Introduction

Lithium-ion batteries (LIBs) have been the main power source for portable electronic devices and now are considered as the most promising technology for applications in electric vehicles (EVs) and green energy storage, because of their high energy density and long cycle life1,2. However, the rarity and uneven distribution of lithium resources may cause a potentially higher price of LIBs, which could significantly limit the further applications of LIBs in large-scale energy storage3. Compared to LIBs, sodium-ion batteries (SIBs) exhibit a similar electrochemical property but potentially a much lower cost due to the abundance and wide availability of sodium resources, which indicates a great promise for the large-scale energy storage4,5. Therefore, great efforts have been shifted to the development of SIBs in the last few years4,5.

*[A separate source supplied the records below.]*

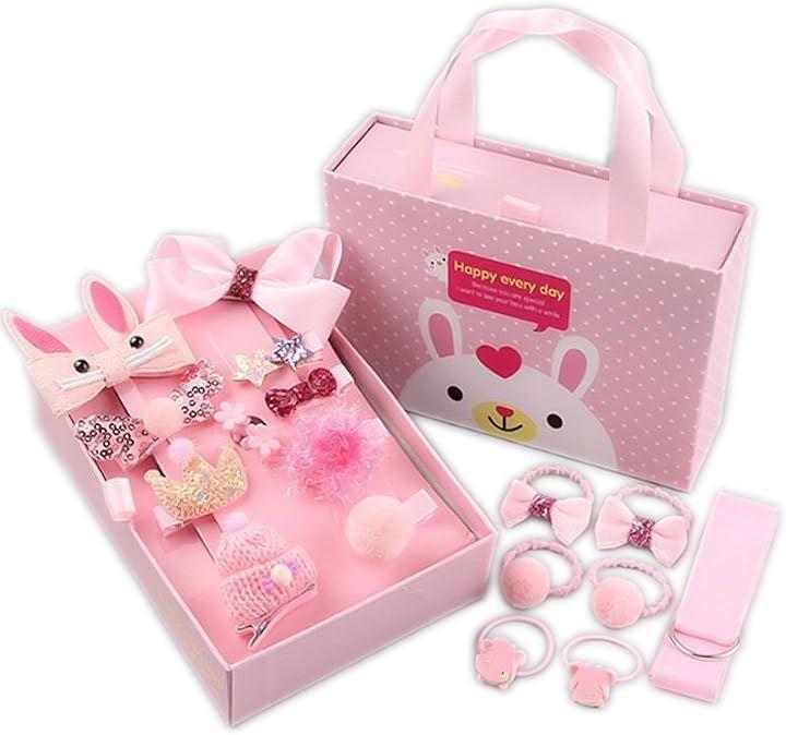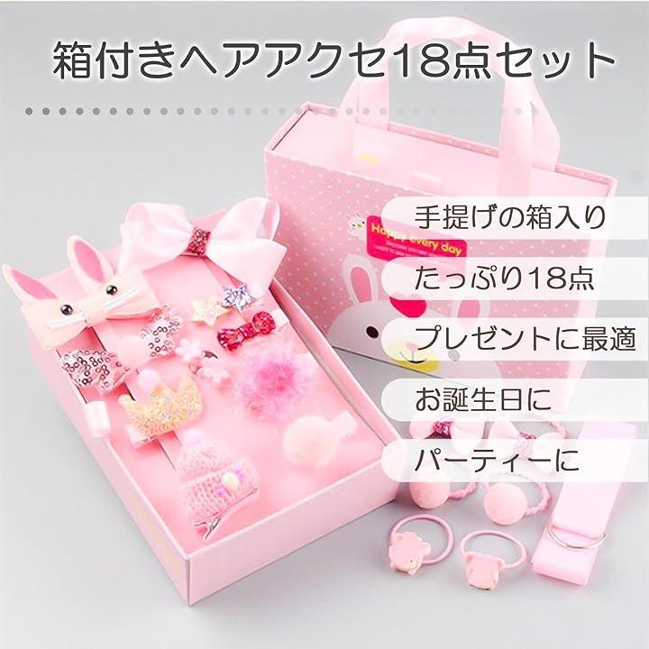 「箱入りヘアアクセサリー18点セット」しっかりした手提げの箱入りヘアアクセサリーの18点セット。
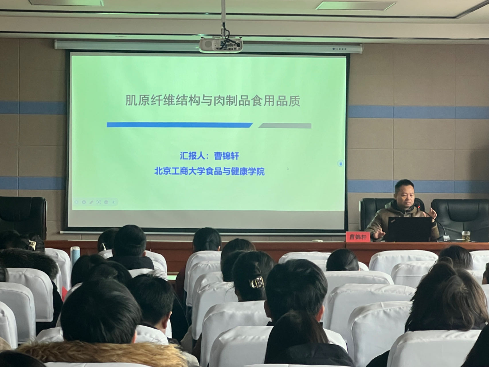 2024年2月27日上午,公司举办的学术报告会在世界足球官网517举行。本次报告会邀请北京工商大学曹锦轩教授作了主题为“肌原纤维结构与肉制品食用品质”的学术报告。公司上百名师生聆听了本次报告会。
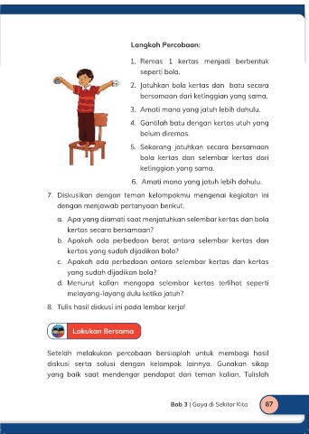 2. Jatuhkan bola kertas dan batu secara
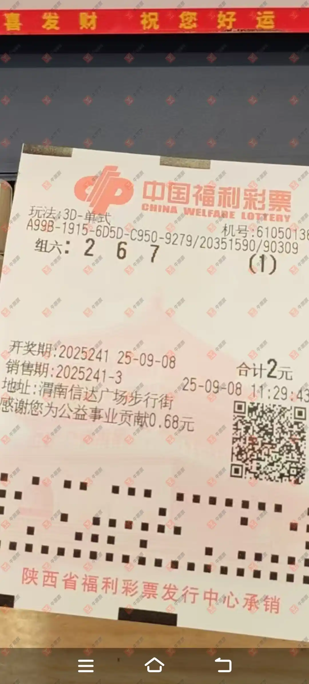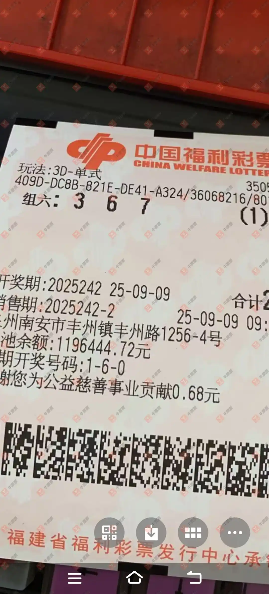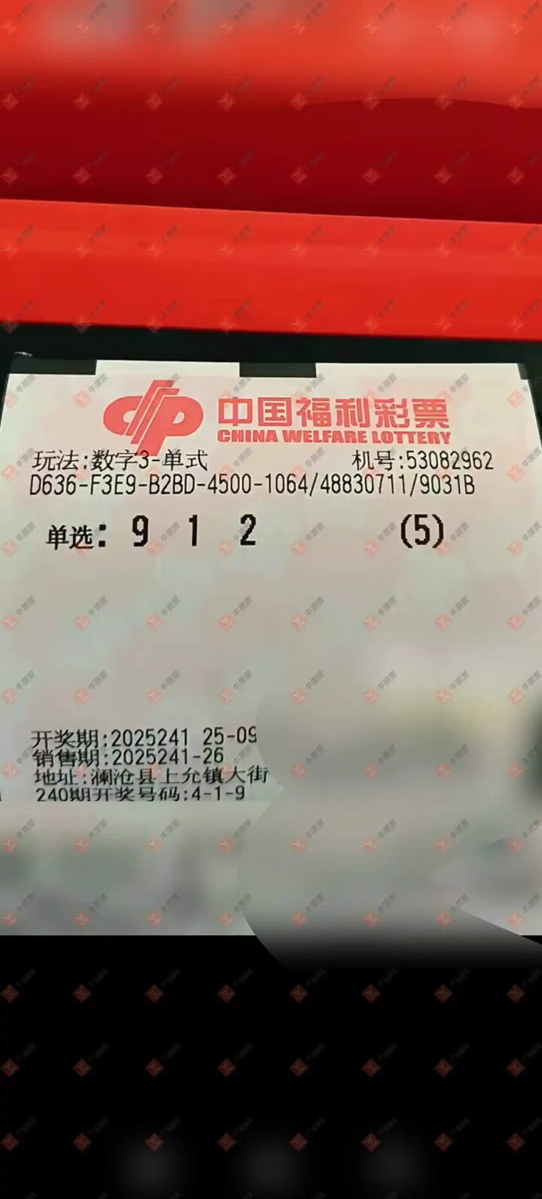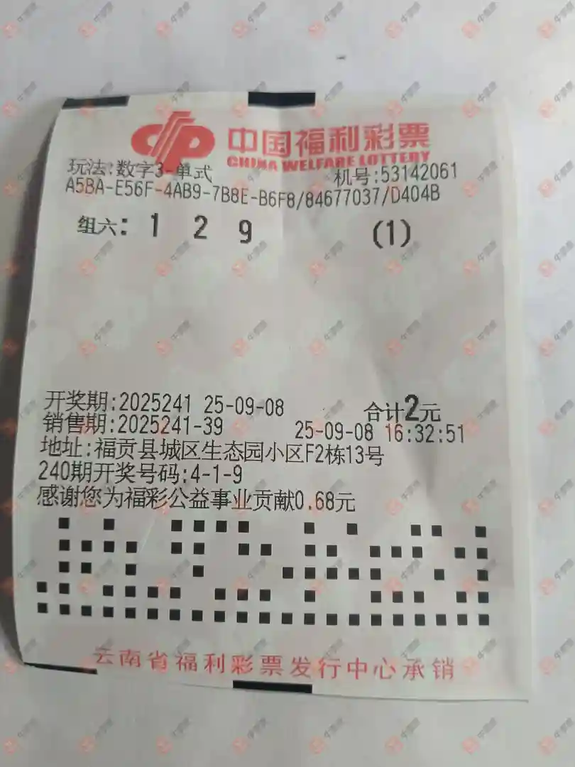 福彩3D 2025241期 晒中
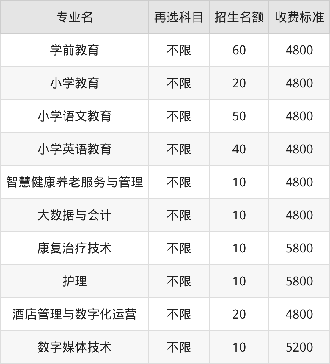 | 高职专科批 | 历史 | 智慧健康养老服务与管理 | 10 |
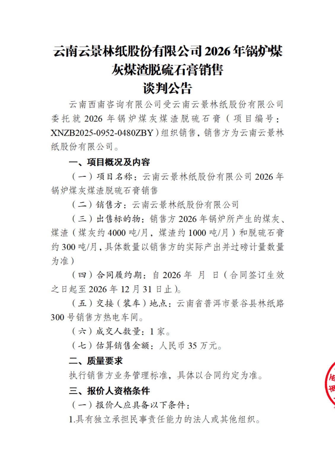 云南云景林紙股份有限公司2026年鍋爐煤灰煤渣脫硫石膏銷(xiāo)售談判公告
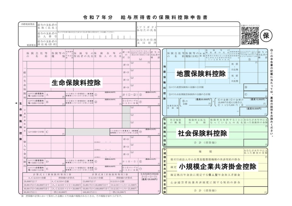 2025年年末調整 「給与所得者の保険料控除申告書」の書き方
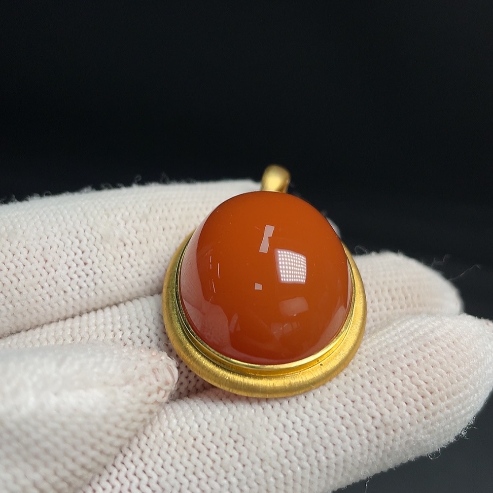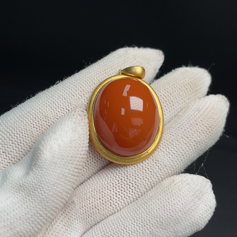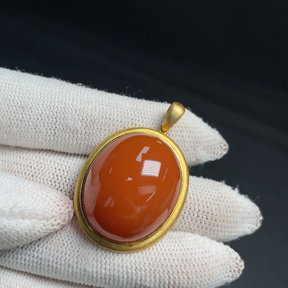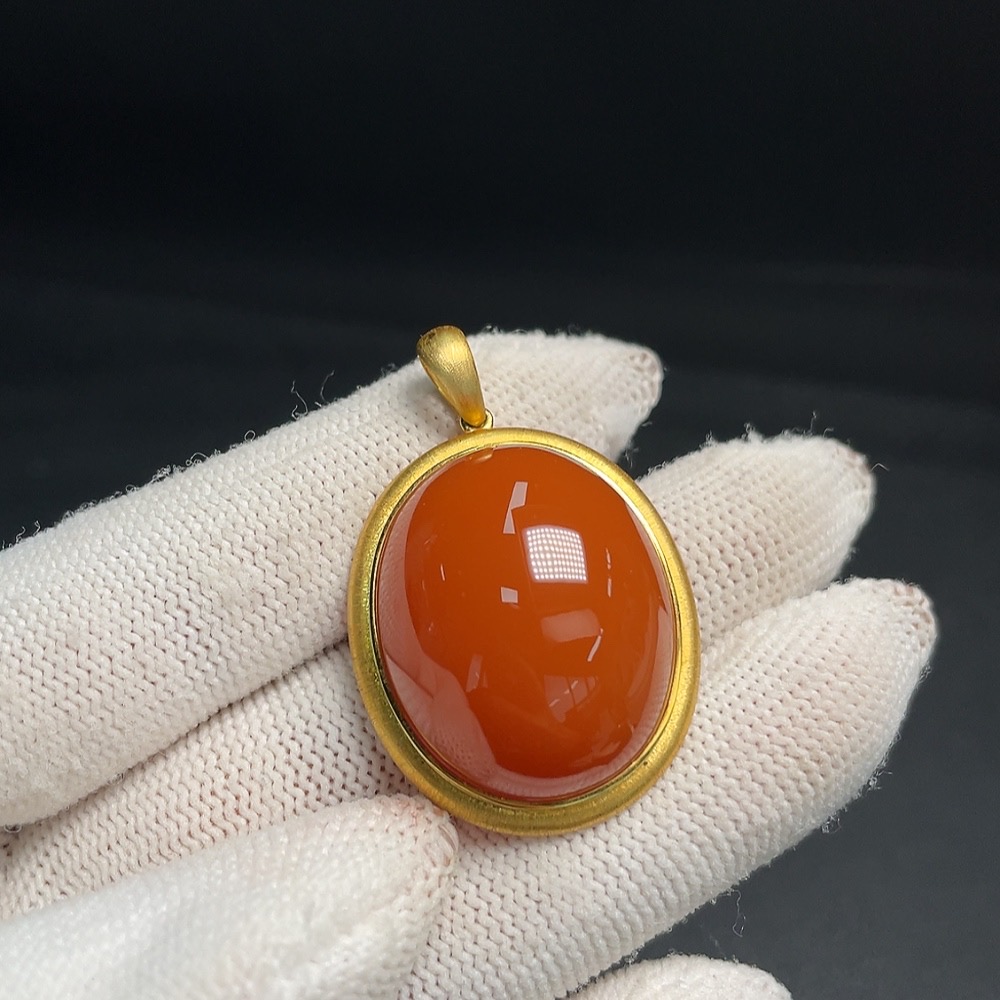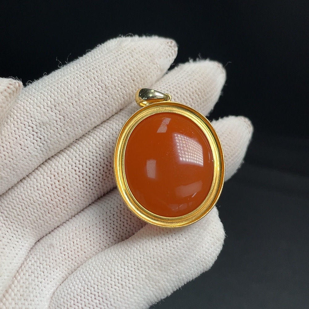 South Red Agate Inlaid Pendant 18K Gold Total Product Weight Approx. 15.74g
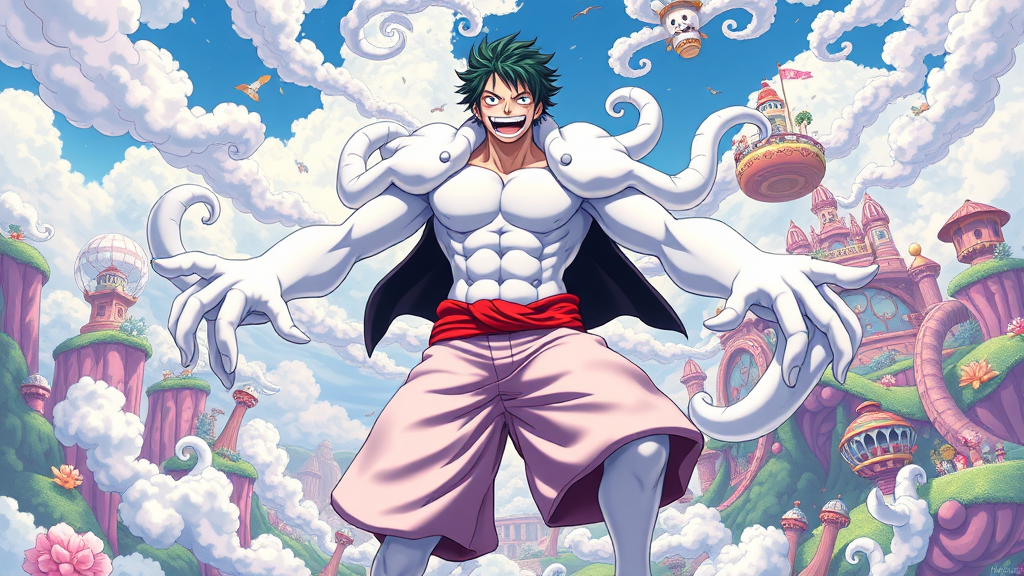 In a whimsical and lively realm filled with vibrant colors and bizarre landscapes, Luffy from One Piece takes center stage in his legendary Gear 5 transformation as God Nika. His pristine white form stands out, with extraordinary exaggerations of his rubbery features, capturing the humor of his iconic elasticity. With clouds spiraling around him like mischievous spirits, Luffy's stretched limbs twist and loop in comedic delight, forming fantastical shapes that defy logic and gravity. His eyes twinkle with mischief, blending seamlessly into the spirited environment of bouncing terrain and animated flora. Bursting with energy, laughter rings in the air, harmonizing with the surreal backdrop as floating islands dance in the sky, their bright hues reflecting the joy and freedom of Luffy's unparalleled power. The illustration emphasizes cutting-edge rendering techniques, weaving art and comedy into a side-splitting masterpiece that celebrates the playful essence of Luffy's newest transformation.
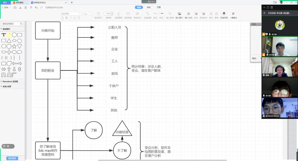 本次的讨论的主要目的是优化调研内容,修改先前的调查问卷。结合我们以代做3ds max效果图为课题的创业项目,我们一致认为调查问卷的结果必须能反映3ds max效果图的市场需求,从而确定我们的定价、质量、效果等指标。组长李庆霖通过绘制流程图的方式表达问卷各项之间的关系,使问卷条理清楚,问题明确。我们从对方职业、了解程度、是否有需(需求量、需求类、出图速度、价位)、支持度等方面列出问题及选项,并通过关系图的方式列出问卷流程。李长甜同学将会把图形语言翻译为文字语言,并制出网络问卷以及问卷传单。结合居住地疫情状况,本小组预计从2月4日起进行为期一周的调研活动,包括网络调研以及现场填写传单的调研形式,并分析调研问卷,总结出调研结果。
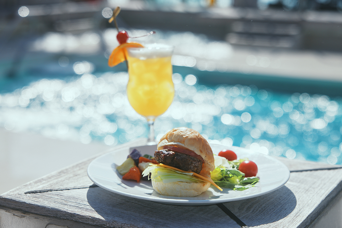 カジュアルな雰囲気で食事を楽しむなら「プールサイドレストラン&バー 湖畔」。湖のほとりのピクニックのような、リラックスした雰囲気から名づけられたとか。ここのミニハンバーガーは食べておかないと!
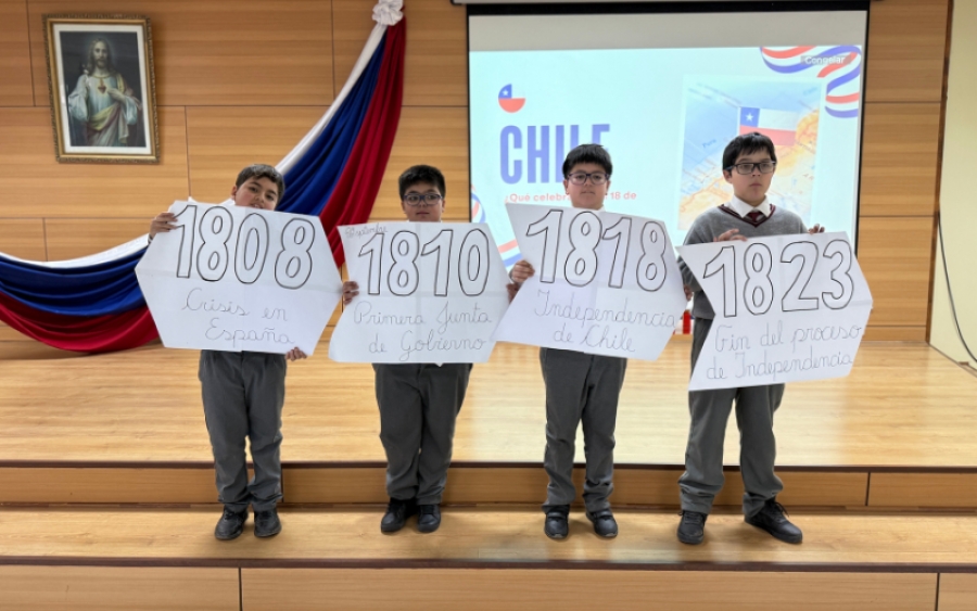En el escenario del Salón Luchelli, los niños nos invitaron a viajar por algunos de los hitos más importantes de la historia de Chile. Con gran emoción, fueron relatando cómo en 1808, la crisis en España tras la invasión napoleónica abrió paso a nuevas ideas de autonomía en América; cómo en 1810, el 18 de septiembre, se formó la Primera Junta Nacional de Gobierno, considerada el inicio de nuestra independencia; cómo en 1818, el 12 de febrero, se proclamó oficialmente la Independencia de Chile; y cómo en 1823 se consolidó la soberanía nacional al culminar el proceso independentista.
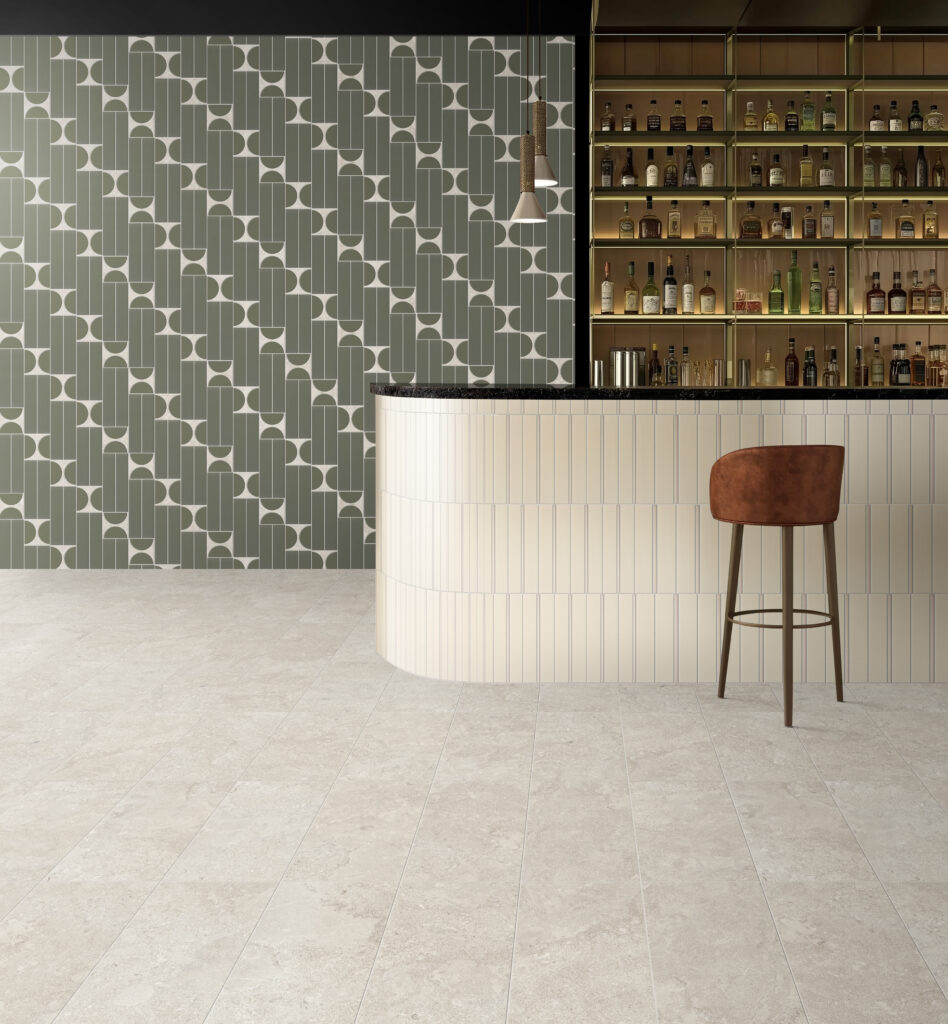 Designed for both wall and floor applications, the collection combines porcelain and ceramic formats through a clear architectural framework. Instead of decoration for its own sake, the surfaces use geometry to create rhythm and order. At the same time, limestone-inspired tones ground the collection visually. With rectified edges, matte and polished finishes, and a disciplined palette, the system scales easily from smaller zones to large public spaces.
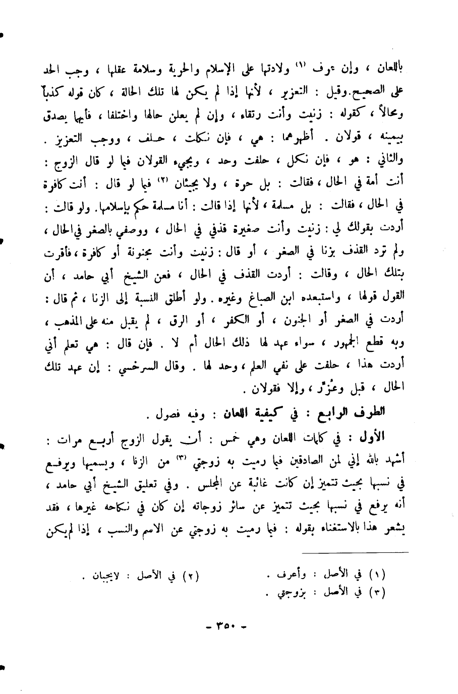الْأَوَّلُ: فِي كَلِمَاتِ اللِّعَانِ وَهِيَ خَمْسٌ: أَنْ يَقُولَ الزَّوْجُ أَرْبَعَ مَرَّاتٍ: أَشْهَدُ بِاللَّهِ إِنِّي لَمِنَ الصَّادِقِينَ فِيمَا رَمَيْتُ بِهِ زَوْجَتِي مِنَ الزِّنَا، وَيُسَمِّيهَا وَيَرْفَعُ فِي نَسَبِهَا بِحَيْثُ تَتَمَيَّزُ إِنْ كَانَتْ غَائِبَةً عَنِ الْمَجْلِسِ. وَفِي تَعْلِيقِ الشَّيْخِ أَبِي حَامِدٍ، أَنَّهُ يَرْفَعُ فِي نَسَبِهَا بِحَيْثُ تَتَمَيَّزُ عَنْ سَائِرِ زَوْجَاتِهِ إِنْ كَانَ فِي نِكَاحِهِ غَيْرُهَا، فَقَدْ يُشْعِرُ هَذَا بِالِاسْتِغْنَاءِ بِقَوْلِهِ: فِيمَا رَمَيْتُ بِهِ زَوْجَتِي عَنِ الِاسْمِ وَالنَّسَبِ، إِذَا لَمْ يَكُنْ
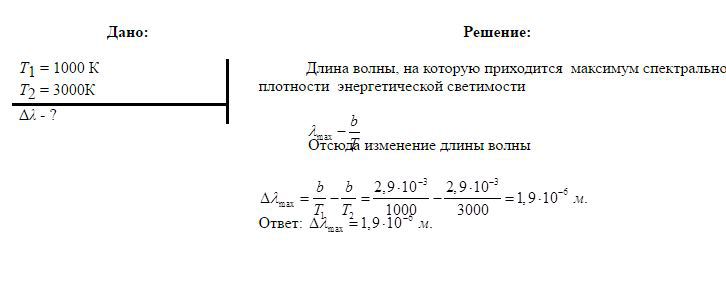 Темпаратура абсолютного чорного тіла змінилась при нагріванні від 1000К до 3000К. На скільки змінилась довжина хвилі, на яку припадає максимум
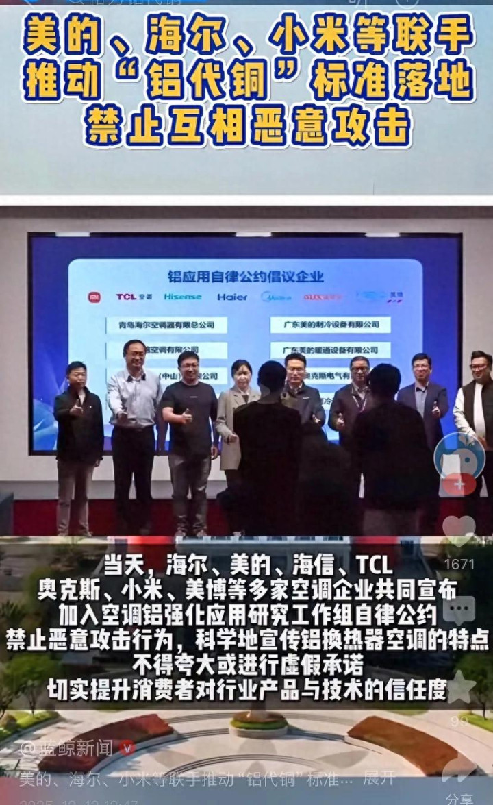 自律公约的签署则为行业生态注入清流。海尔、美的、海信、小米等企业共同约定三条“红线”:禁止恶意攻击同行及产品、科学宣传铝换热器特点、不夸大不做虚假承诺。这一“止战协议”终结了此前“铜优于铝”的片面宣传乱象,让行业竞争回归技术创新与用户体验的核心。企业纷纷推出配套举措:小米在产品说明书中明确标注“铝制换热器”并提供10年质保,中国家用电器研究院推出“铝应用优品认证”,用透明化举措重建消费者信任。

To achieve the success of SIBs, the successful development of suitable electrode materials is crucial. Although the well-developed LIB technology provides a great guidance for SIBs, it is still a challenge to explore appropriate host materials with sufficiently large interstitial space to accommodate Na+ ions since the ionic size of Na+ ions is ca. 55% larger than that of Li+ ions6. In particular, graphite, the commercial anode for LIBs, only shows a very low capacity for SIBs because Na hardly forms staged intercalation compounds with graphite7. It is very critical to discover a high-performance anode for SIBs. To date, several types of SIB anodes have been studied, including (i) carbon-based materials8,9,10,11, (ii) alloys12,13, (iii) metal oxides14,15, (iv) metal chalcogenides16,17,18,19, etc. Among them, hard carbon has attracted significant attention due to its relatively high capacity and low cost. However, hard carbon often suffers from a poor rate capability and a fast capacity fading, which restricts its applications for high-power and long-life SIBs. Compared to hard carbon, theoretically, alloys and metal oxides could deliver higher capacities. Unfortunately, the alloy and metal oxide anodes usually experience a lower first-cycle Coulombic efficiency and a short lifetime due to the large volumetric change upon electrochemical discharge/charge cycling12,20,21. On the other hand, metal chalcogenides exhibit great performance as anodes for SIBs. Kitajouet et al. demonstrated that four Na+ ions could be inserted into the inter-layer space of FeS2 and thus delivered a high capacity of 758 mA h g−1 at 0.2 mA cm−1 17. More recently, Qu et al. reported that SnS2/reduced graphene oxide composite as SIB anode materials delivered an initial capacity of 630 mA h g−1 and an unvarying capacity of 500 mA h g−1 even after 400 cycles19. Therefore, it is highly desirable to develop other metal chalcogenides as anodes for SIBs.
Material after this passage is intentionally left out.